- Exercise prompt
The full listing, returned exactly and free of pictures, is the expected answer.

- Data provided
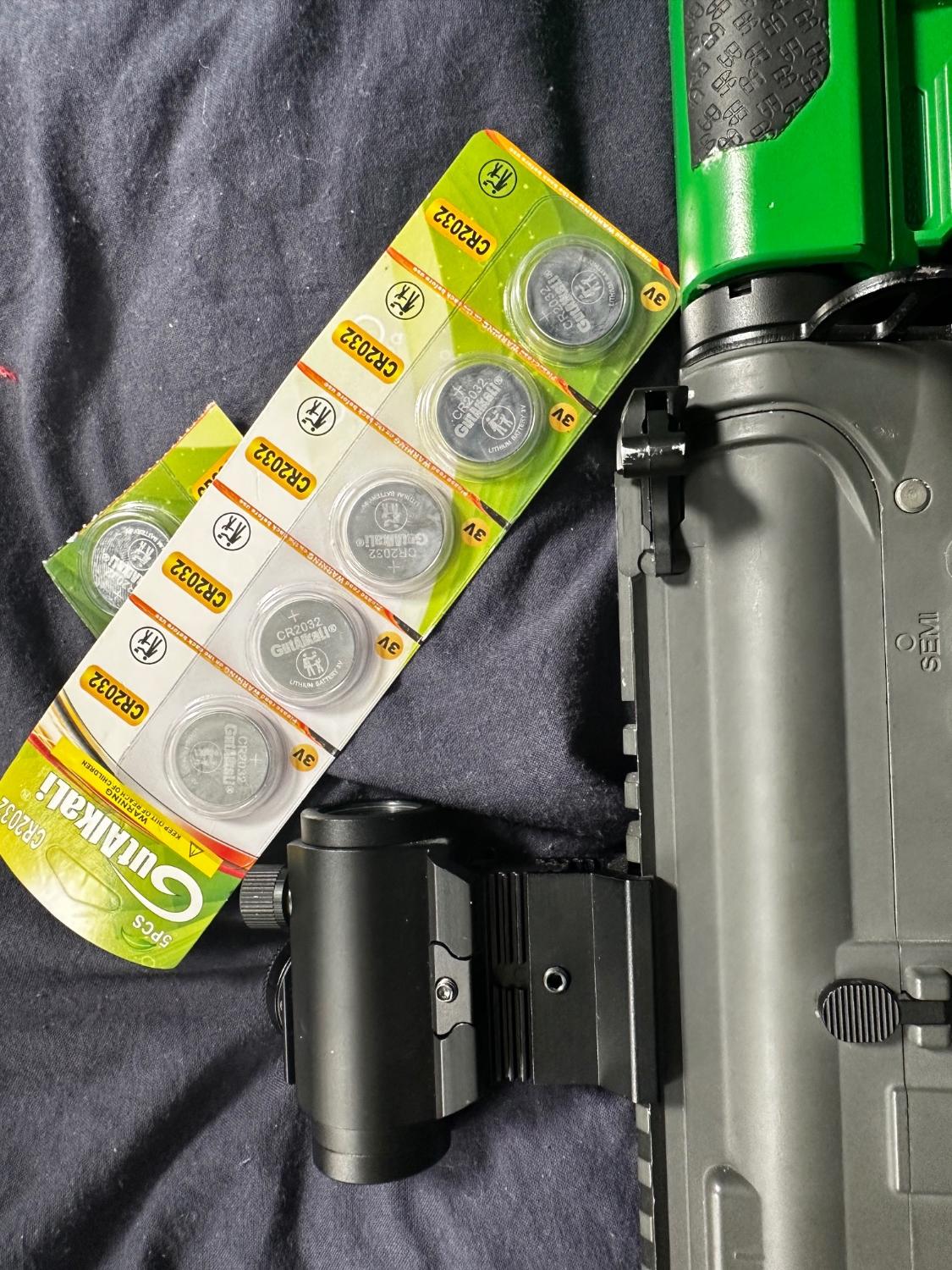 Batteries, charger, 1.0x red dot, 2xmags, foregrip
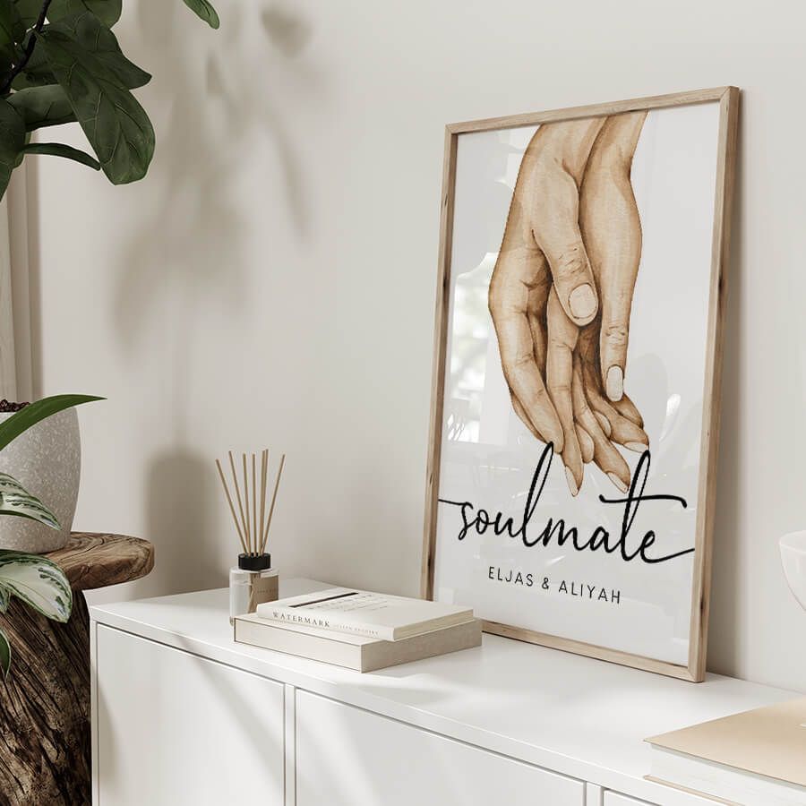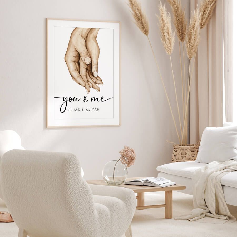 Ob als liebevolle Hommage an eine Partnerschaft, die unvergessliche Augenblicke Ihrer Familie oder einfach als Feier Ihres ganz besonderen Selbst – dieses Kunstwerk fügt sich harmonisch in jeden Raum ein. Die eleganten Typografien dieses Posters fangen das Wesentliche ein: die Namen, die Ihnen am Herzen liegen, werden zu einem kunstvollen Blickfang an Ihrer Wand.
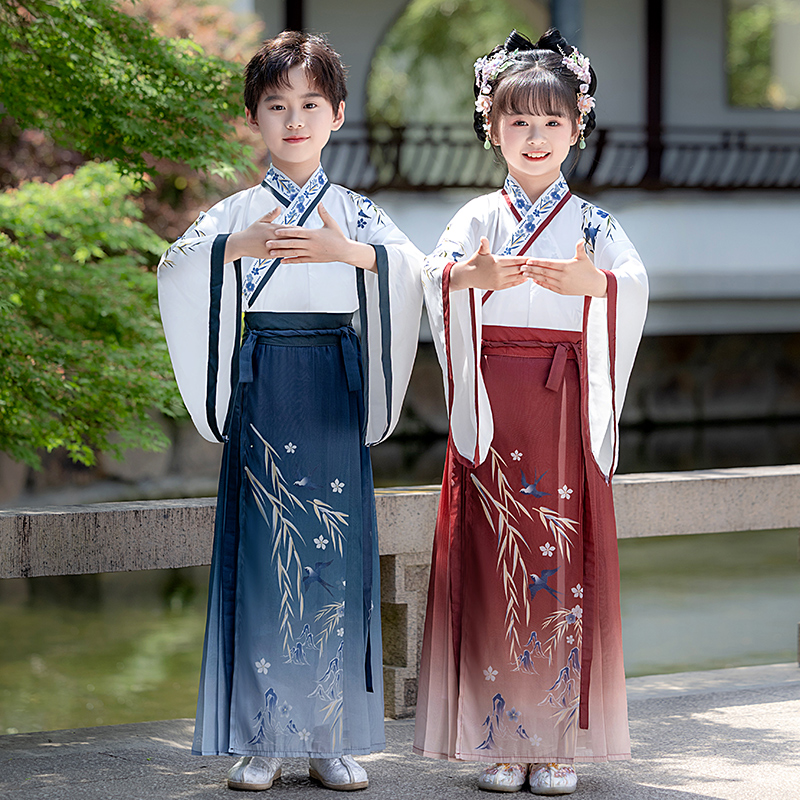 演出服开笔礼 中国风古装 汉服男童国学服儿童马面裙女夏季 2025新款

- Result for this task
 Batteries, charger, 1.0x red dot, 2xmags, foregrip
 Ob als liebevolle Hommage an eine Partnerschaft, die unvergessliche Augenblicke Ihrer Familie oder einfach als Feier Ihres ganz besonderen Selbst – dieses Kunstwerk fügt sich harmonisch in jeden Raum ein. Die eleganten Typografien dieses Posters fangen das Wesentliche ein: die Namen, die Ihnen am Herzen liegen, werden zu einem kunstvollen Blickfang an Ihrer Wand.
 演出服开笔礼 中国风古装 汉服男童国学服儿童马面裙女夏季 2025新款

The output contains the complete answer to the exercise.